Over winter break, I spent some time watching Prof. Alan Edelman and Prof. Steven G. Johnson’s course on Matrix Calculus. It was an IAP course at MIT, which I think means that it was taught informally to a broad audience over a shorter time-span. I’ve been looking for a course like this for a while——calculus had been a pain point for me for a while, and I found that analysis and algebra didn’t do much to help me out. To give some illustrative examples, here are some questions that troubled me throughout my high school, college, and graduate studies:

  1. I studied stats, and we’d often encounter problems whose solution was the total derivative of a function from vectors to scalars. This is fine, but often applying the ‘chain rule’ would require calculating derivatives of matrix terms as an intermediate step, which I never understood. Basically every derivative would end up being some stack of partials so it wasn’t mechanically hard to find, but I could never remember whether it should be transposed, how the dimensions worked out, or why we were even allowed to do this.
  2. On that note, it has never even been clear to me what $df/dA$ even is when $A$ is a matrix! Is it just a huge dictionary of partial derivatives? Does it have a ‘shape’? Can we ‘multiply’ it with other things?
  3. I really hate working with indices! I always get them mixed up, and even if I don’t, excessive indexing makes calculations tedious and error-prone. In general, I’m a firm believer that mathematical ‘broccoli’—stuff that you have to do to get where you want to go, but which causes no joy in the doing—should be avoided whenever possible. Yet how many times have I had to unpack three or four sums to differentiate an expression that can just be written as some compact matrix product?
  4. To step back all the way to high school, what in the world is implicit differentiation? Why does the chain rule require you to ‘multiply by the derivative of the inside’? Why can you sometimes treat $df/dx$ as a fraction, and sometimes not?
  5. What is a Jacobian? What is a derivative? What is a gradient? What is a partial derivative? Why do all of these things have different names, and why do they have different shapes? Why do I constantly have to transpose the gradient for it to do anything interesting?

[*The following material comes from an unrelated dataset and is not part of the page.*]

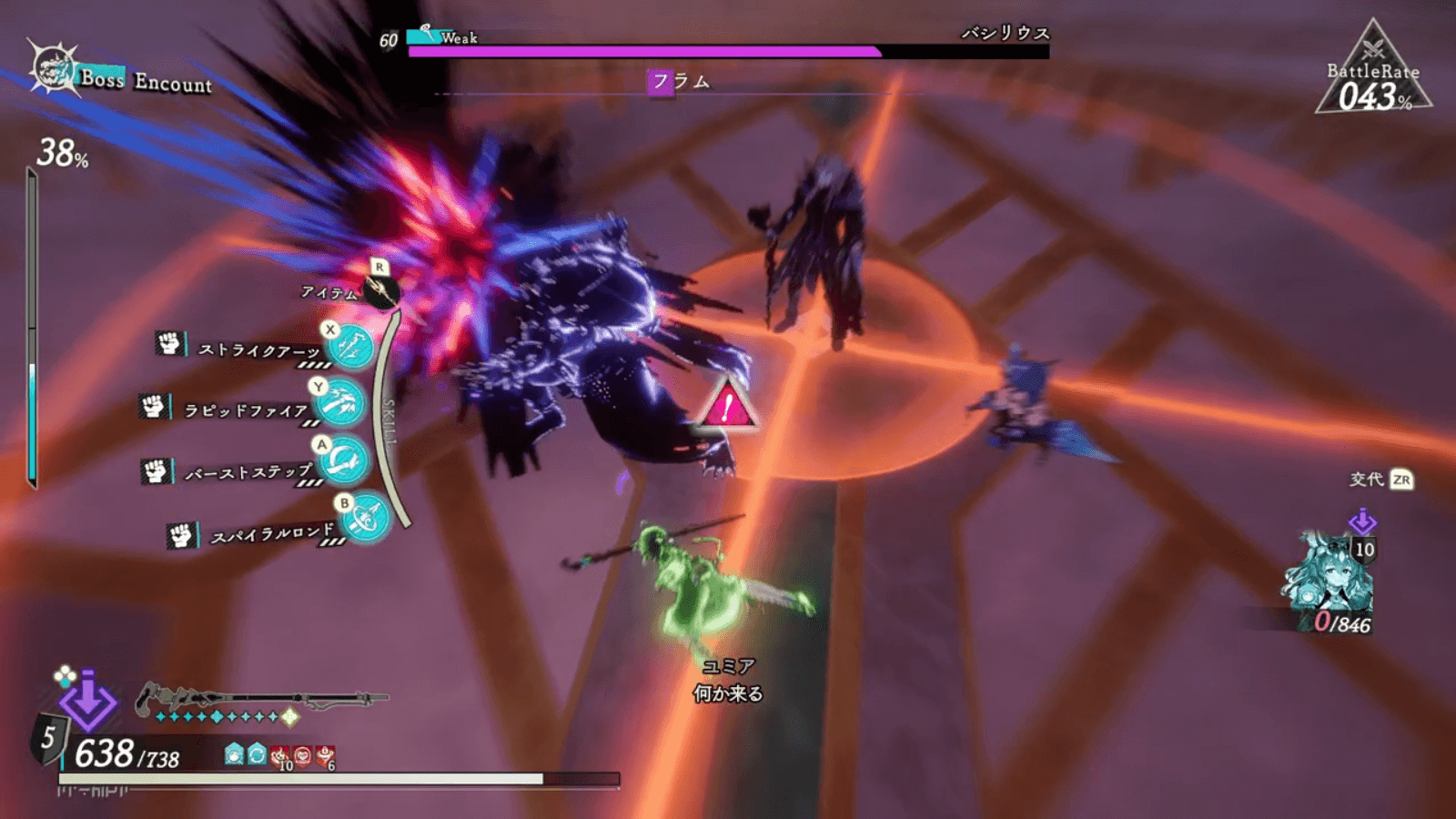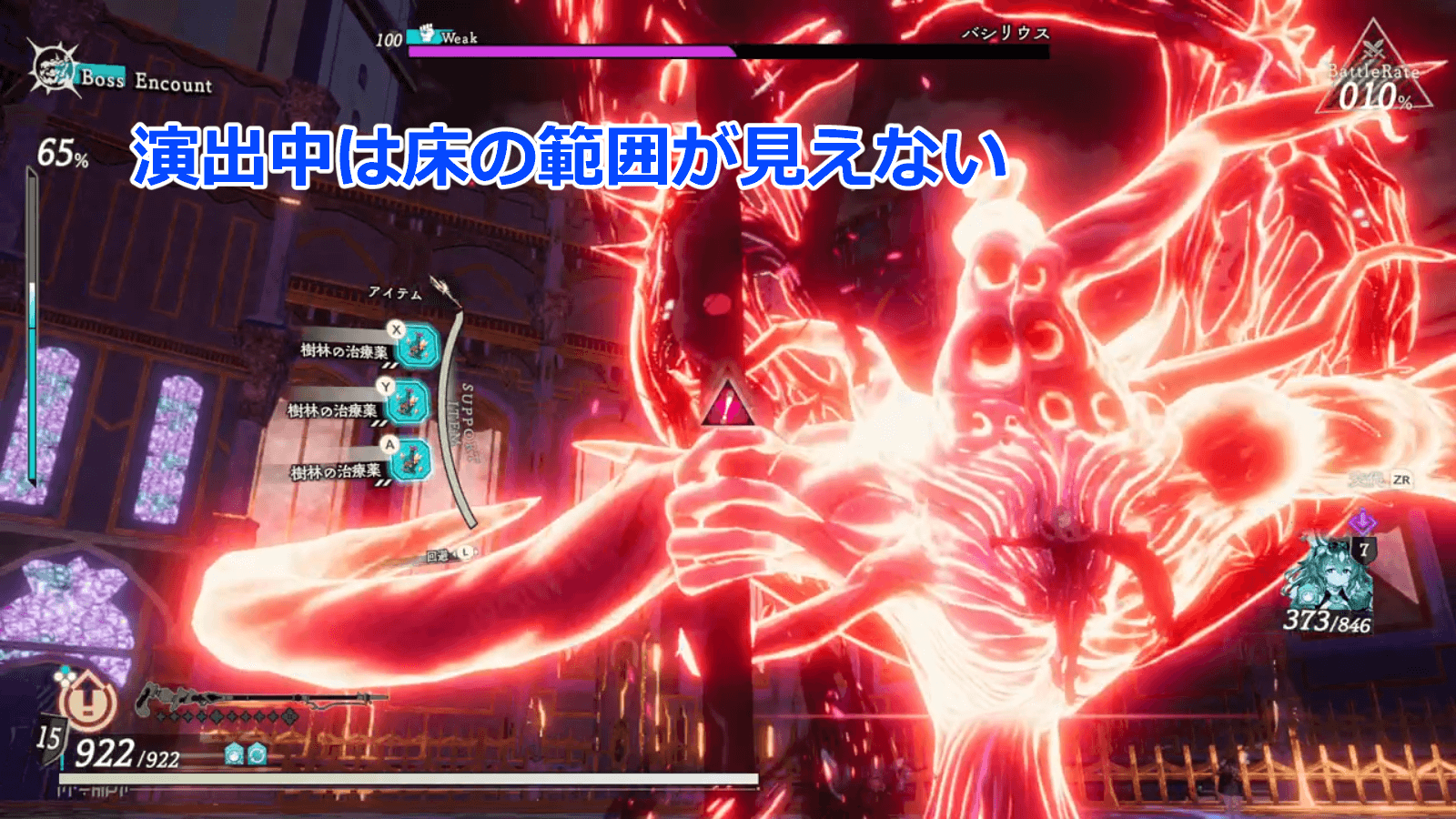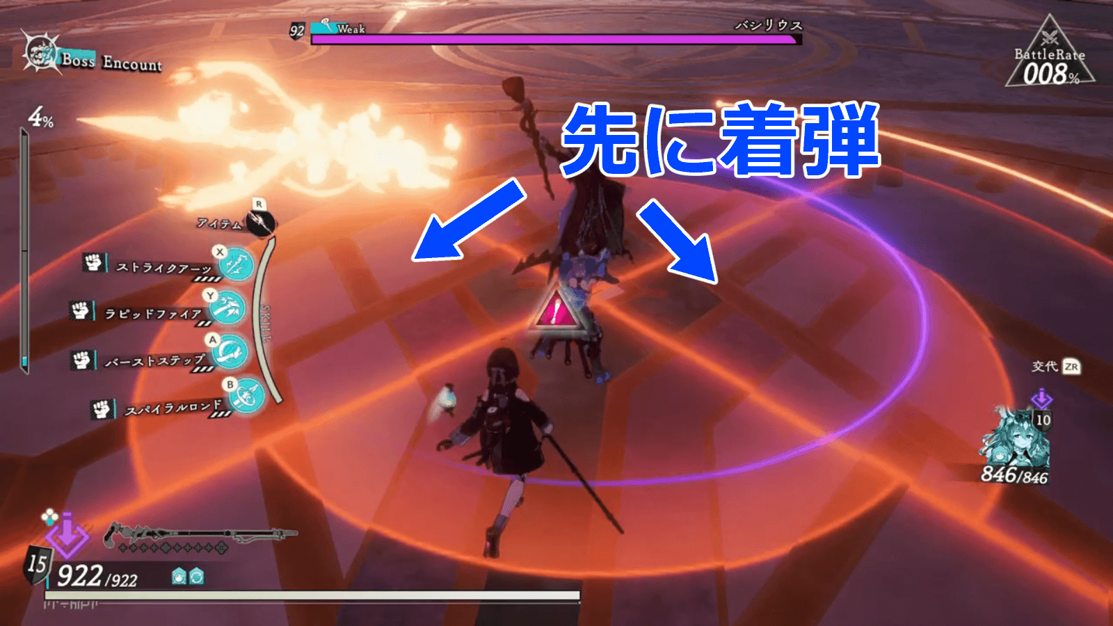 バシリウス第二形態以降は、なるべく操作キャラを背面に移動させながら戦おう。背面以外に全体攻撃を行う技や、、前方に行う攻撃を回避しやすくなる。

I think that the intuition of matrix calculus helps answer all of these questions in a pretty satisfying way. It’s helped me reduce my reliance on The Matrix Cookbook and other tools, and it’s really tightened my understanding of both linear algebra and calculus. The course itself covers a fair amount of content that isn’t directly connected to this theme, and because its audience had a variety of mathematical backgrounds, it sometimes goes through a lot of concepts that more experienced students may be comfortable skipping. Thus, I’ve decided to write a brief explainer covering my major takeaways from the course, as well as a few interesting examples.

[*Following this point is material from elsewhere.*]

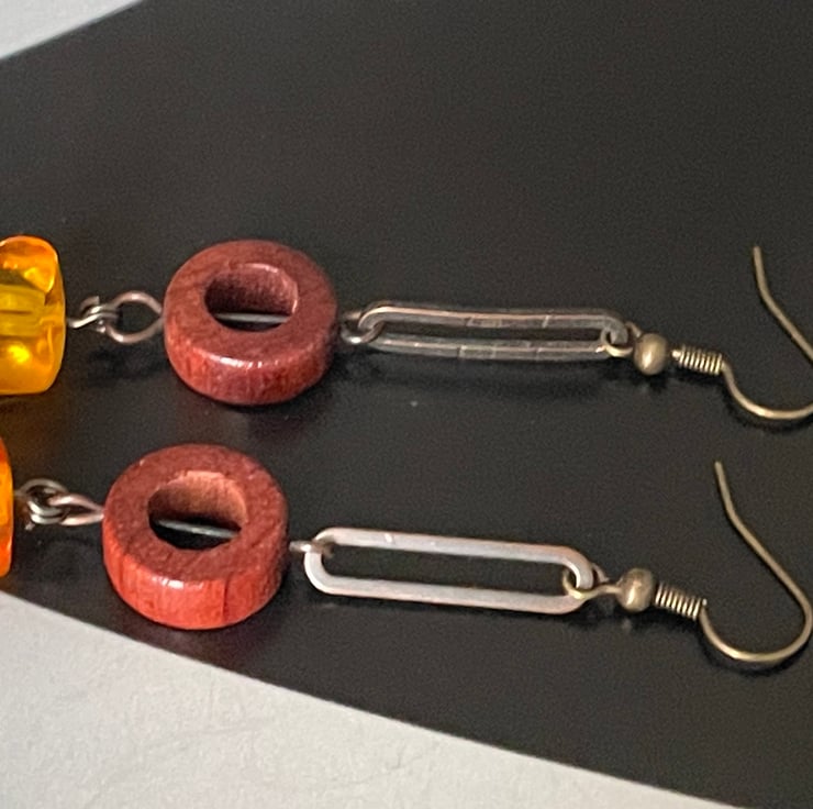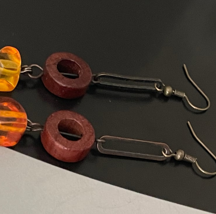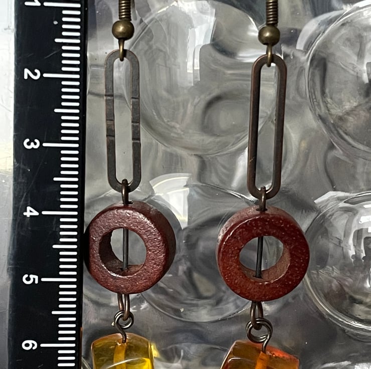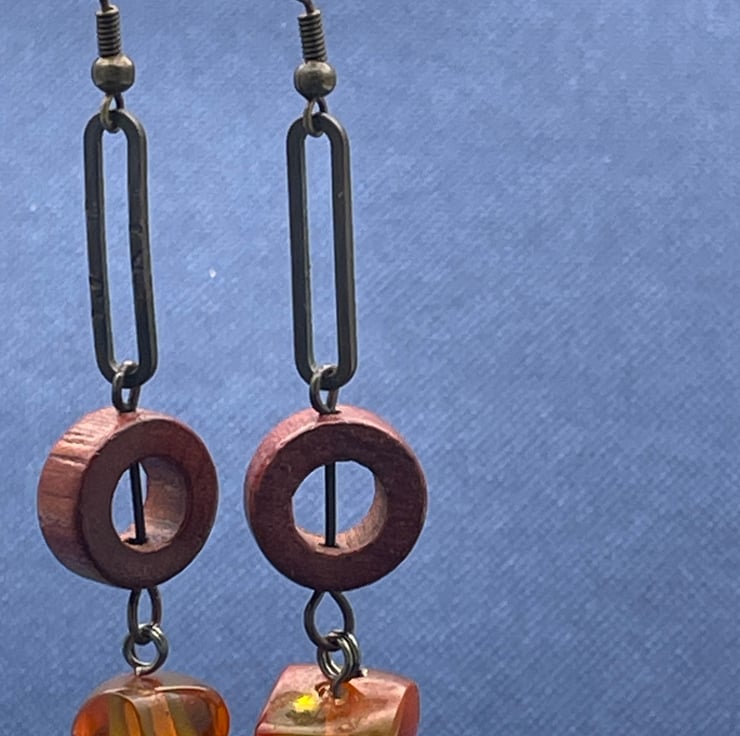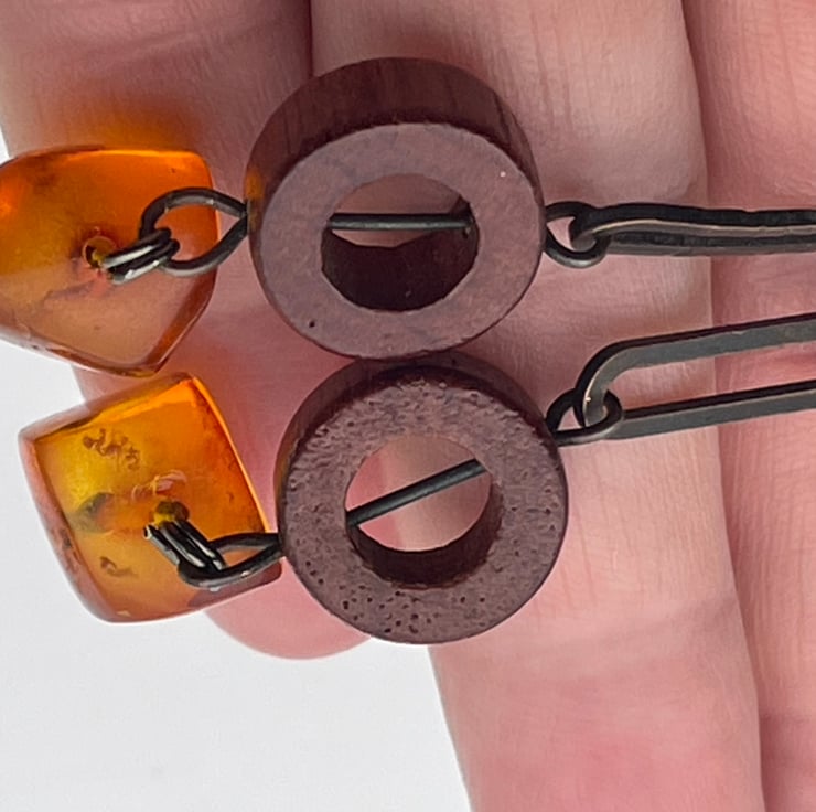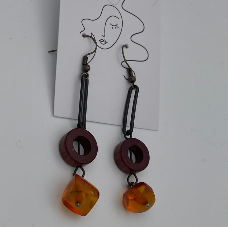 Artisan unique earrings, made of Baltic amber and wood fitted in antiqued brass setting.

Here’s a list of topics covered for reference:

Table of Contents

Part I : Differentials and Derivatives

To start the process of developing matrix calculus, we need to be clear about what we mean by a ‘derivative’. To appreciate how hard this could be, recognize that, in different contexts, the derivative could be thought of as any of the following:

  • The slope of the line tangent to $x$.
  • The instantaneous rate at which $f(x)$ is increasing at $x$.
  • The direction of steepest ascent of $f$ (for functions $f: \mathbb{R}^n \to \mathbb{R}$——the ‘gradient’)
  • The matrix whose $(i,j)$-th entry is the change of the $i$-th entry of $f$ with respect to the $j$-th entry of $x$, in the sense of the first two definitions (for functions $f: \mathbb{R}^n \to \mathbb{R}$).
  • etc. etc. etc.

If you’ve taken a multivariable calculus class, you probably know some form of the following statement, which is in some sense the most satisfying summary of all these interpretations:

The derivative of a function at $x$ is its best linear approximation at $x$.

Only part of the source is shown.